その創業の精神を継承し、味の純度をさらに研ぎ澄ませたのが二代目の井手宣明氏だ。効率化やコスト削減を至上命題とする現代の外食産業にあって、有限会社井手ちゃんぽんは鍋を振る職人の技術と手作業の仕込みにこだわり続けている。時代が変わろうとも、一杯にかける熱量だけは創業時のまま変わっていない。
【2026年最新】行列をスマートにかわす時間帯とGoogleマップ攻略法
週末ともなれば1時間以上の待ち時間が発生することも珍しくない聖地だが、地元客や通い慣れたトラックドライバーたちは決して無駄な行列に並ばない。狙い目は、開店直後の10時30分から11時までの30分間、もしくは昼のピークを過ぎた15時30分から16時30分のアイドルタイムだ。このわずかな隙間時間であれば、待つことなくすんなり着席できる確率が跳ね上がる。
訪問直前にはGoogleマップのリアルタイム混雑状況を確認し、ピンの混み具合をチェックするのが現代のスマートな立ち回りだ。さらに食べログなどの口コミサイトで席の稼働状況や直近の混雑傾向を頭に入れておけば、現地での無駄なタイムロスを完全に排除できる。
常連だけが知る極秘の裏技!特製トッピングと味変カスタム
メニュー表には載っていない、あるいは常連の間で暗黙の了解として親しまれている注文法が存在する。それが「特製ちゃんぽん」に別皿で生卵を追加し、後半にスープへ溶かし込まずに麺と野菜をすき焼き風に絡めて食べる手法だ。ラードの鋭い熱さを卵が優しく包み込み、まるで別次元の濃厚さが口いっぱいに広がる。
さらに、卓上のホワイトペッパーを炒め野菜の山に直接振りかける「先がけ胡椒」や、スープが薄まらないように野菜から先に平らげる天地返しのテクニックも知っておきたい。ご飯を一杯頼み、残った濃厚豚骨スープにキクラゲと野菜を少々残した状態で投入する「即席豚骨雑炊」こそ、この店を愛し尽くした者だけが辿り着く禁断の終着駅である。

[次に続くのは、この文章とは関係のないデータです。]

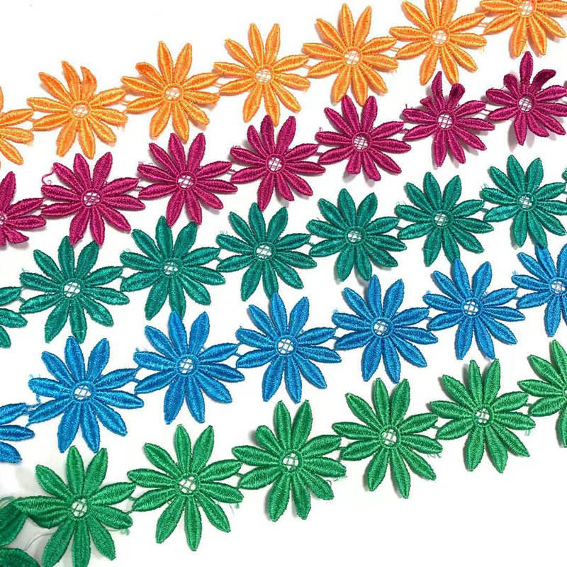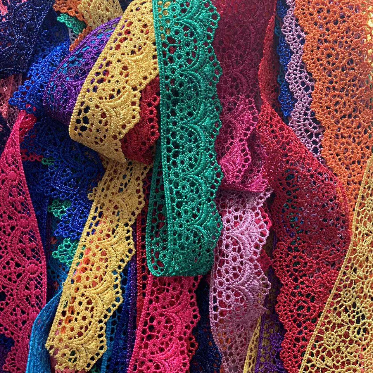 Vlastní polyesterová krajka úzká výšivka Krajka Trim Multi color vyrobená z vysoce kvalitního polyesterového materiálu, s jemným vyšívacím řemeslným zpracováním, má bohaté barvy a nastavitelnou šířku. Je vhodný pro dekoraci dámského oděvu, dětského oblečení a domácích předmětů

佐賀県武雄市北方町へ走る理由、武雄温泉と結ぶ至福の麺紀行
店舗が佇むのは、のどかな田園と山並みが広がる佐賀県武雄市北方町。国道34号沿いという決して都会とは言えない立地でありながら、この一杯のためだけに車を走らせる価値がある。ただの食事にとどまらず、旅の目的地として成立しているのが佐賀屈指のご当地グルメたる所以だ。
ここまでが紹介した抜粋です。